ジェイ・エイモリー:海賊船ベヘモスの襲撃 翼のない少年アズの冒険2
海賊船ベヘモスの襲撃 翼のない少年アズの冒険2 (創元推理文庫)
- 作者: ジェイ・エイモリー,圷香織
- 出版社/メーカー: 東京創元社
- 発売日: 2009/05/05
- メディア: 文庫
- クリック: 1回
- この商品を含むブログ (3件) を見る
おかしいなあ。。前作はとても面白いと思って読んだのだけれど、本作は全然つまらない。エピソードが単調に大袈裟というか、文章の身振りは無駄に大きいのだけれど、感情が伝わってこないというか。ぼくはこのような対象年齢のいくぶん低いと思われる、単純な勧善懲悪の冒険物語は大好きなのだけれど、おそらくその良さってけっこう複雑だと思うのです。例えばというと、さっと思い出せるのは江戸川乱歩の怪人二十面相シリーズとか、トーベ・ヤンソンの「ムーミン谷」とかだけど、どちらも難しいですよね。
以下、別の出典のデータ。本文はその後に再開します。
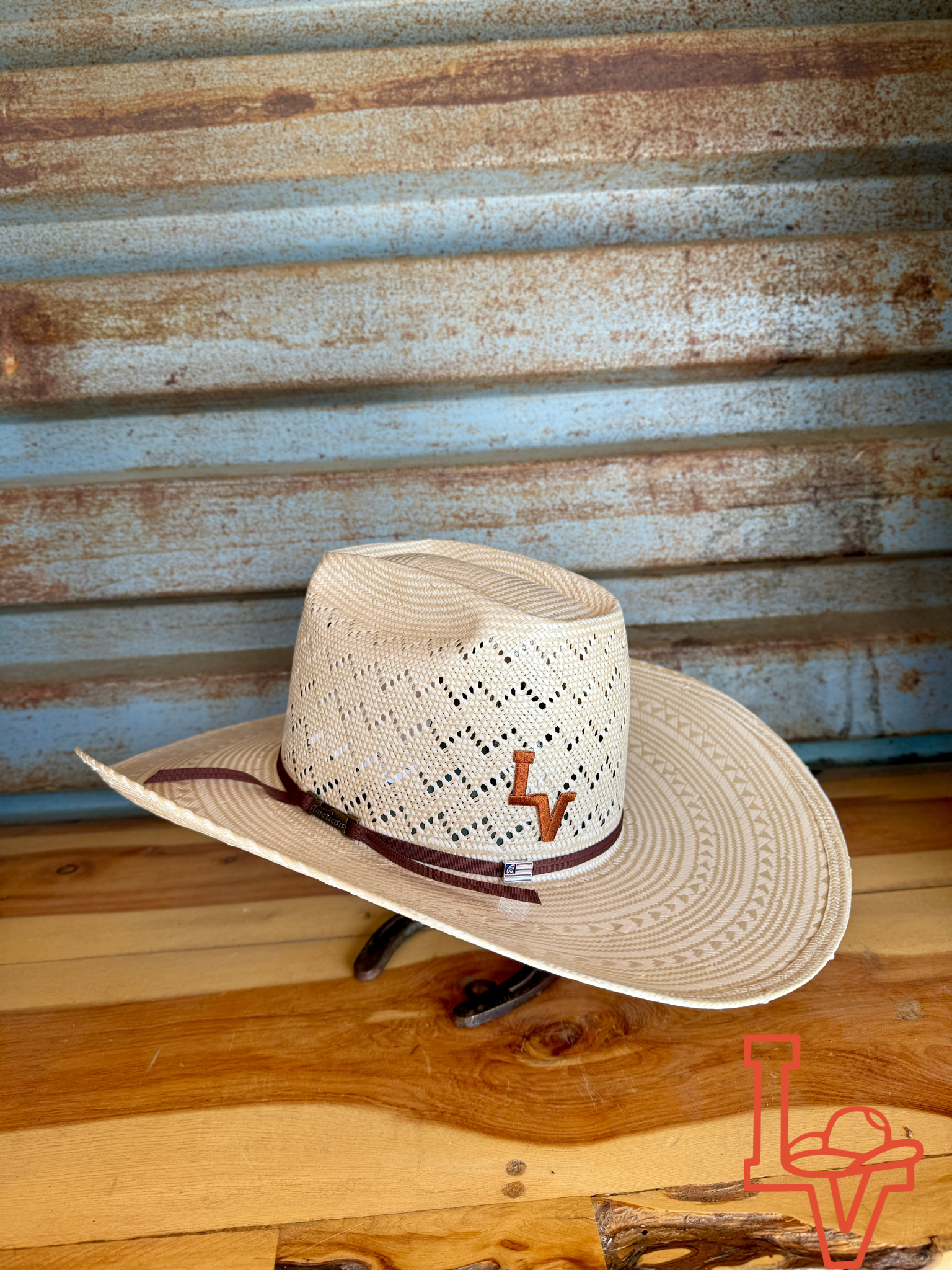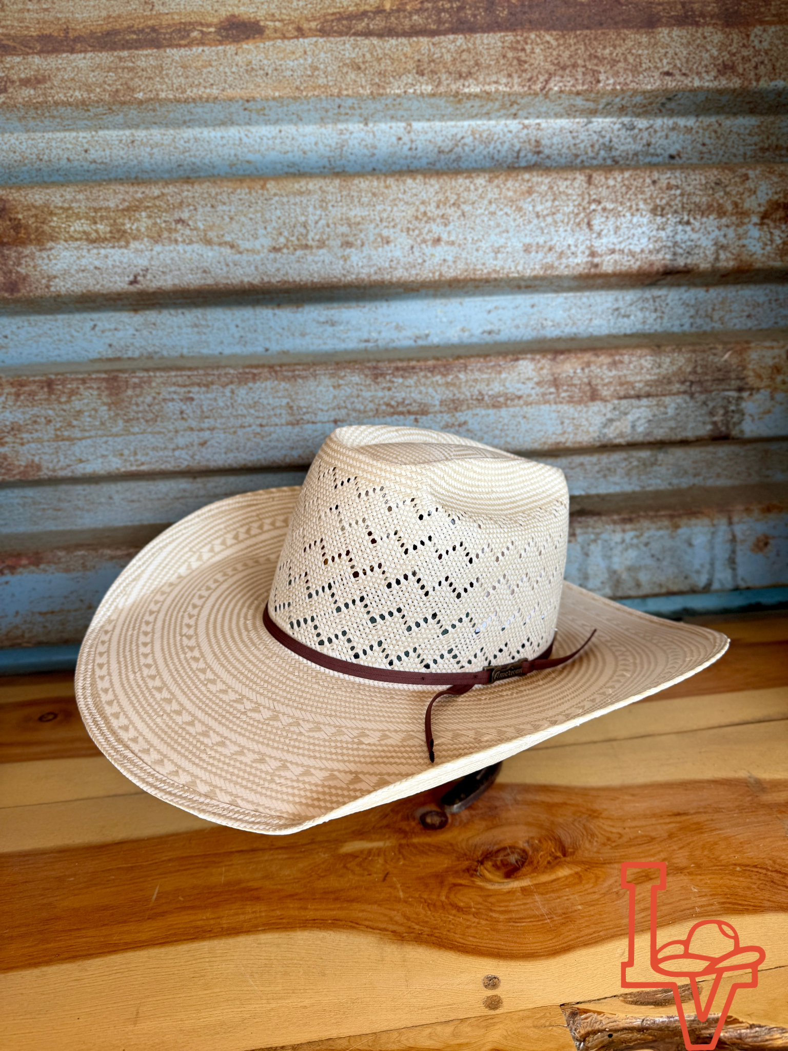 American Hat Company Straw Hat Regular Crown Waves Tan White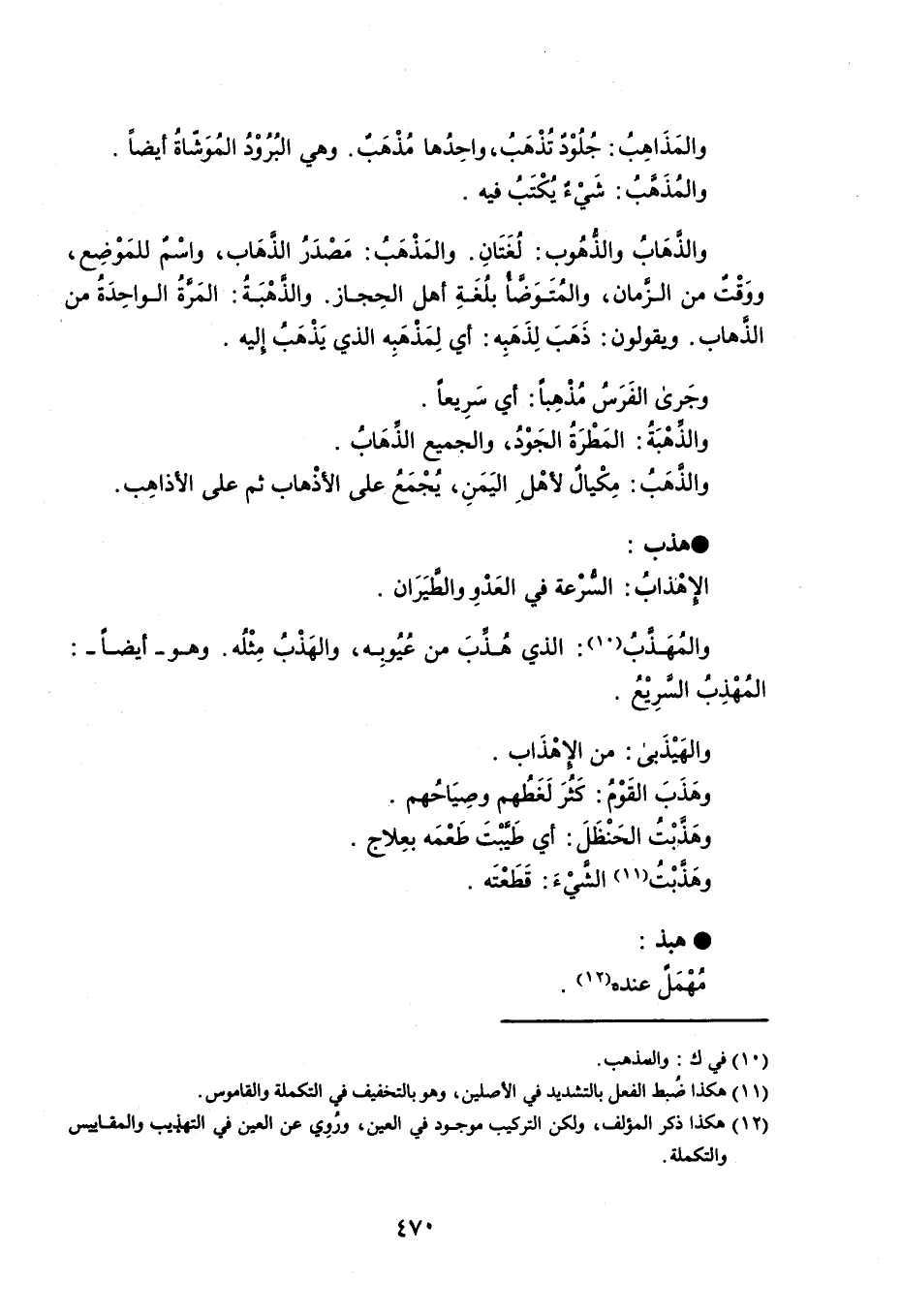 والمَذَاهِبُ : جُلُوْدٌ تُذَهْبُ ، واحِدُها مُذْهَبٌ ، وهي البُرُوْدُ المُوَشّاةُ أيضاً . والمُذَهَّبُ : شَيْءٌ يُكْتَبُ فيه . والذِّهَابُ والذُّهُوب : لُغَتَانِ . والمَذْهَبُ : مَصْدَرُ الذَّهَاب ، واسْمٌ للمَوْضِع ، ووَقْتٌ من الزَّمان ، والمُتَوَضَّأ بلُغَةِ أهل الحِجاز . والذَّهْبَةُ : المَرَّةُ الواحِدَةُ من الذَّهاب . ويقولون : ذَهَبَ لِذَهَبِه : أي لِمَذْهَبِه الذي يَذْهَبُ إليه . وجَرى الفَرَسُ مُذْهِباً : أي سَرِيعاً . والذِّهْبَةُ : المَطْرُة الجَوْدُ ، والجميع الذِّهَابُ . والذَّهَبُ : مِكْيالٌ لأهْلِ اليَمَنِ ، يُجْمَعُ على الأذْهاب ثم على الأذاهِب . هذب الإهْذابُ : السُّرْعة في العَدْوِ والطَّيَرَان . والمُهَذَّبُ : الذي هُذِّبَ من عُيُوبِه ، والهَذْبُ مِثْلُه . وهو - أيضاً - : المُهْذِبُ السَّرِيْعُ . والهَيْذَبى : من الإهْذَاب . وهَذَبَ القَوْمُ : كَثُرَ لَغَطُهم وصِيَاحُهم . وهَذَّبْتُ الحَنْظَلَ : أي طَيَّبْتَ طَعْمَه بعِلاج . وهَذَّبْتُ الشَّيْءَ : قَطَعْتَه . هبذ مُهْمَلٌ عنده .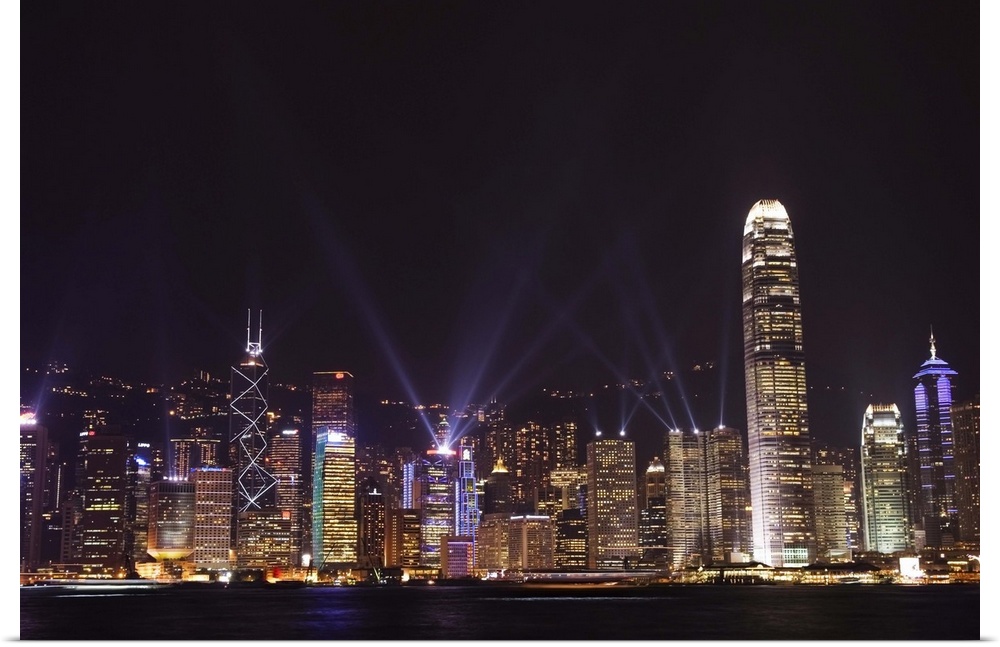 <p>Nightly sound and light show over Hong Kong Island skyline, Hong Kong, China, Asia</p>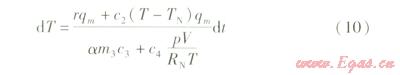 式(2)表示在壓力和體積不變的條件下,儲罐內(nèi)氣體溫度變化和質(zhì)量變化的關(guān)系。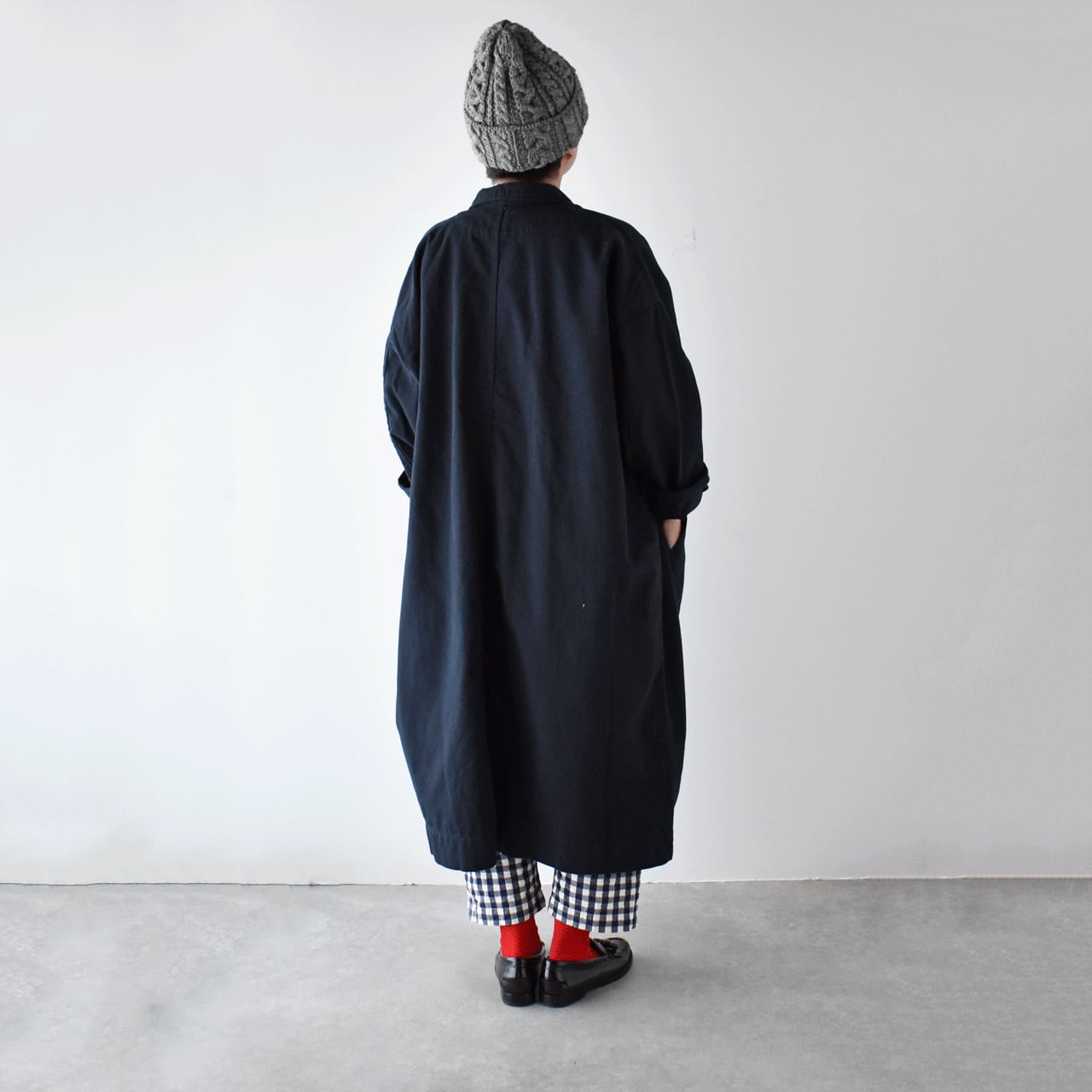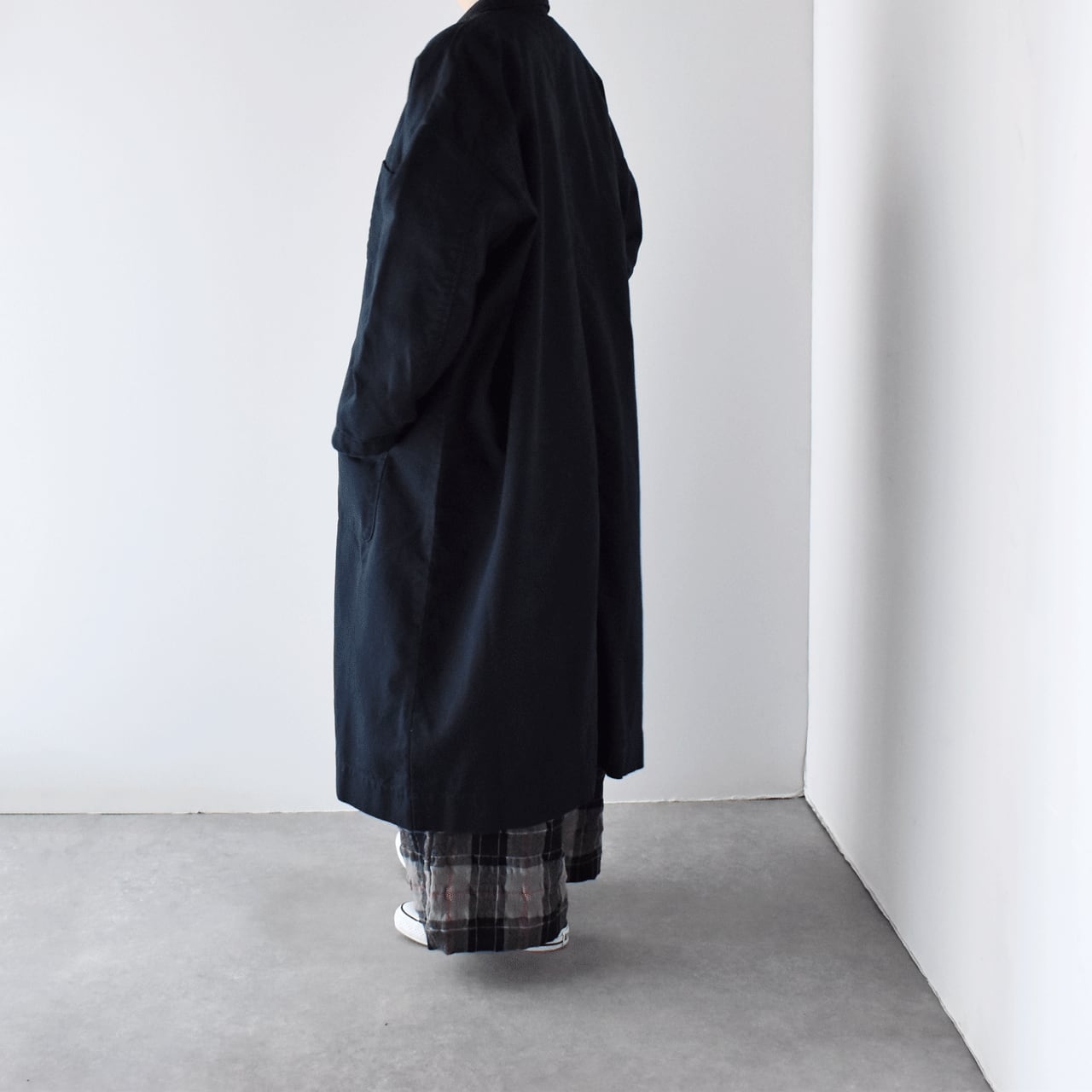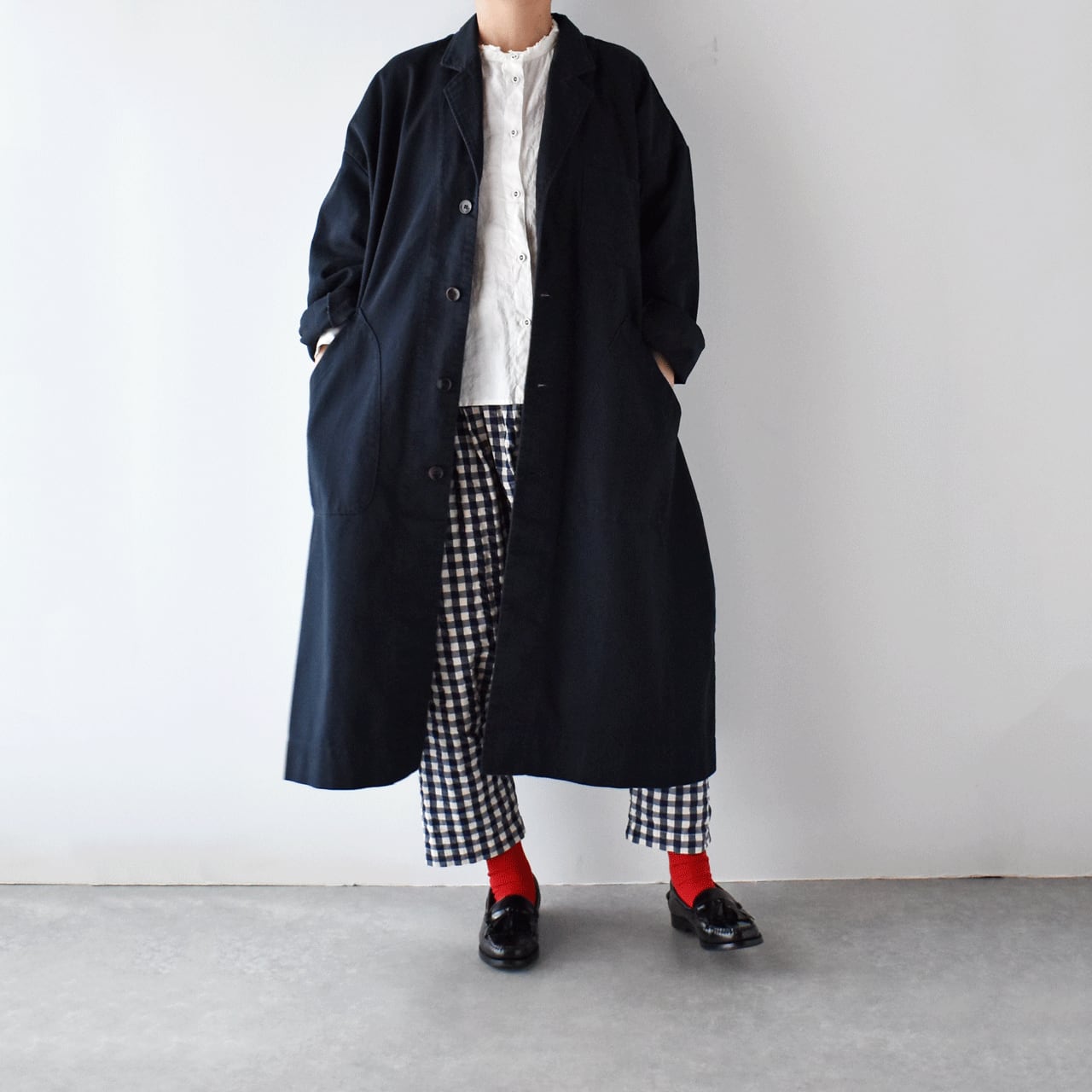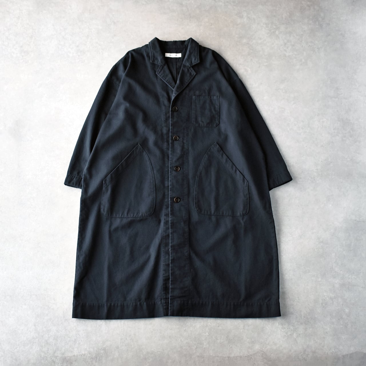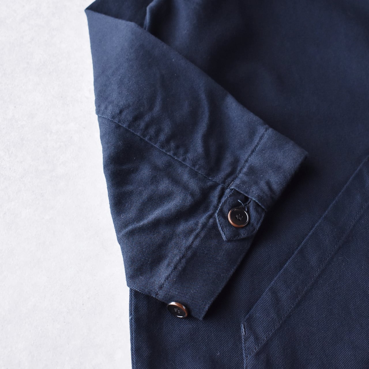 sasanqua by treesから、寒い時期から春先まで長く楽しめる新作のフレンチワークコートが届きました。ヴィンテージのマキニョンコートをお手本に、ゆったりとしたオーバーサイズシルエットに仕立てたモダンな一枚です。このコート、いつものパンツスタイルやワンピースにサッと羽織るだけで、全体の雰囲気をとても今っぽく仕上げてくれるので本当にオススメですよ。コットンリネンをツイルに織り上げた生地感も風合い豊かで、しっかりと厚みがありながらとてもしなやかで軽い着心地。両サイドには大きなポケット、胸には小ぶりなポケット、さらに左胸の内側にはスリムなペンポケットが付いているのも本格的。袖口にはベットが通っていて、ボタンを留める位置で袖幅の調整が可能。袖をクルクルッとロールアップすればこなれた印象で楽しめますよ。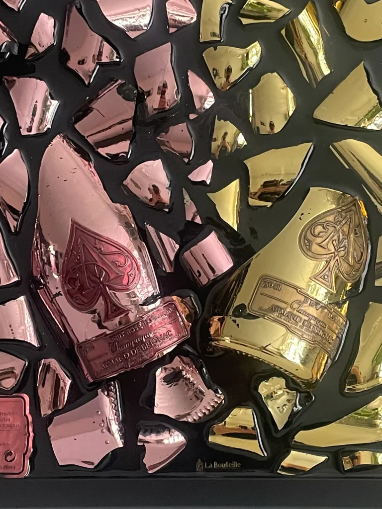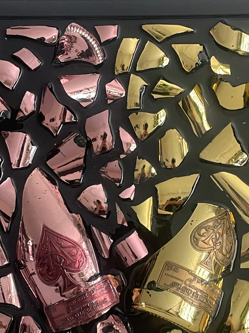 Each piece tells a story – a celebration frozen in time, encapsulating the essence of after-midnight extravagance. Unleash the spirit of luxury as we redefine recycling, bringing a touch of opulence to your space. Embrace the art of celebration, where every shattered bottle becomes a canvas for creativity.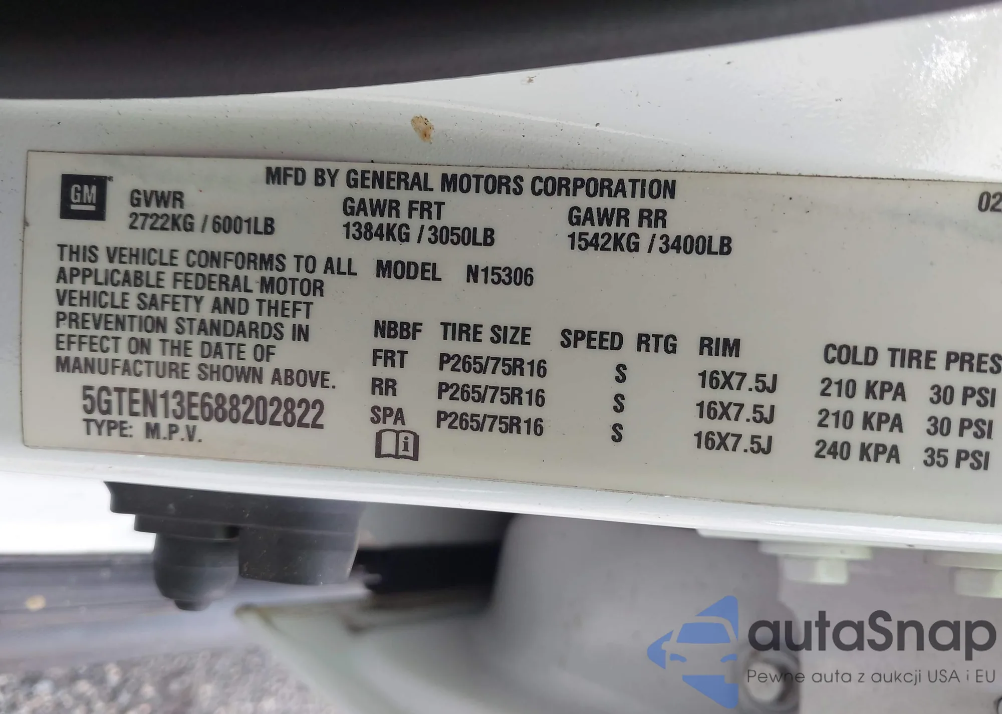 • VIN 1G6KD52B7SU202177

本書のように、「驚く」ために「驚かせる」、「安心させる」ために「安心させる」意図が見えてしまうのは、どうなのかなあ。作者が物語をコントロールできているようで、じつは物語が作者から物語が離陸できていない、それだからこそ当然読み手の心にも届かない、そんな気がしました。最後のあまりにわざとらしい幕切れも、同じ意味で興醒めだなあ。